- Opening Delimiter -

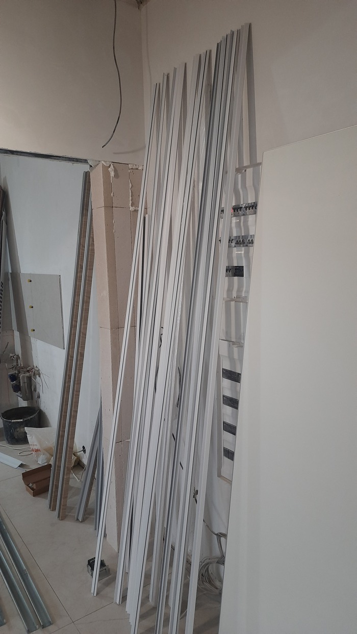 Установил теневой пластиковый багет для натяжных потолков. Попросил знакомого натянуть полотно. Хотел сам, но решил не рисковать ввиду своей рукожопости при выполнении таких сложных задач)
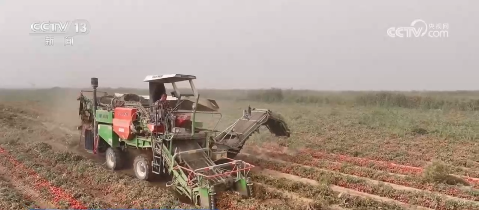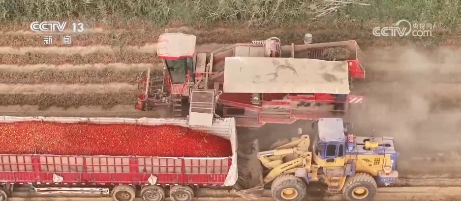 这两天,新疆昆玉市首次在沙漠边缘种植的上千亩制酱用的加工番茄迎来丰收,今年,当地运用番茄果实采收机、番茄装运采收机,提高采摘分拣效率。
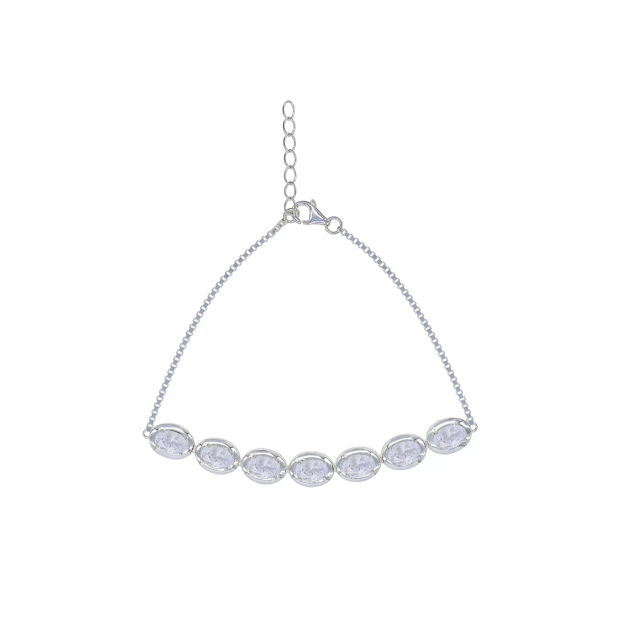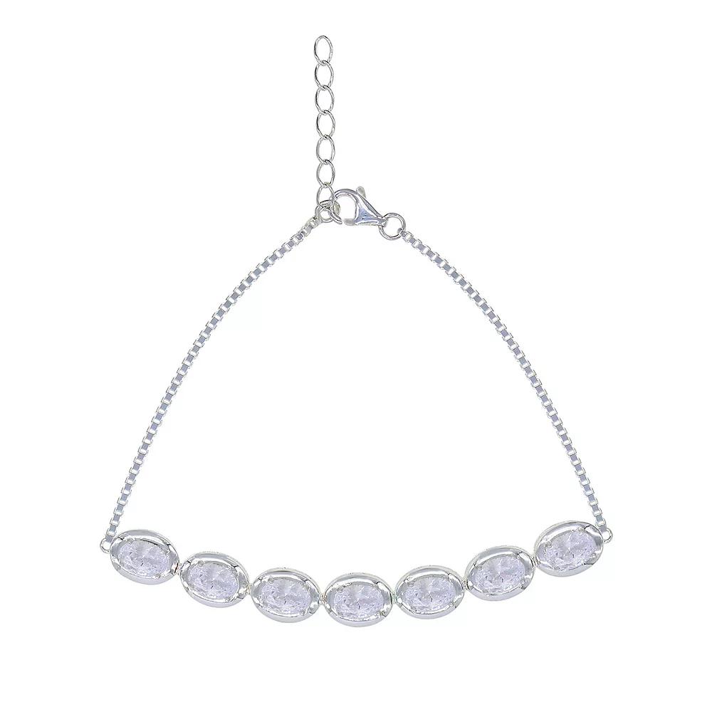 Add something new to your wardrobe with this stylish cubic zirconia bracelet. Add something new to your wardrobe with this stylish cubic zirconia bracelet. FEATURES Length: 7.5 in. with 1-in. extender Clasp: lobster-claw Nickel free Metal: sterling silver Plating: platinum Finish: polished Packaging: boxedSTONE DETAILS Stone type: cubic zirconia Shape: oval Setting: prong Gemstones may have been treated to enhance their appearance. Special care may be required. Please visit our Gemstone Treatment & Special Care Guide for more information. Please note, due to the high value of this item, a signature may be required upon delivery. Size: 7. Color: White. Gender: female. Age Group: adult.

- Closing Delimiter -

With every picture omitted, write out the material exactly from its first line through the line containing "这两天,新疆昆玉市首次在沙漠".

Exercise solution
 Установил теневой пластиковый багет для натяжных потолков. Попросил знакомого натянуть полотно. Хотел сам, но решил не рисковать ввиду своей рукожопости при выполнении таких сложных задач)
 这两天,新疆昆玉市首次在沙漠边缘种植的上千亩制酱用的加工番茄迎来丰收,今年,当地运用番茄果实采收机、番茄装运采收机,提高采摘分拣效率。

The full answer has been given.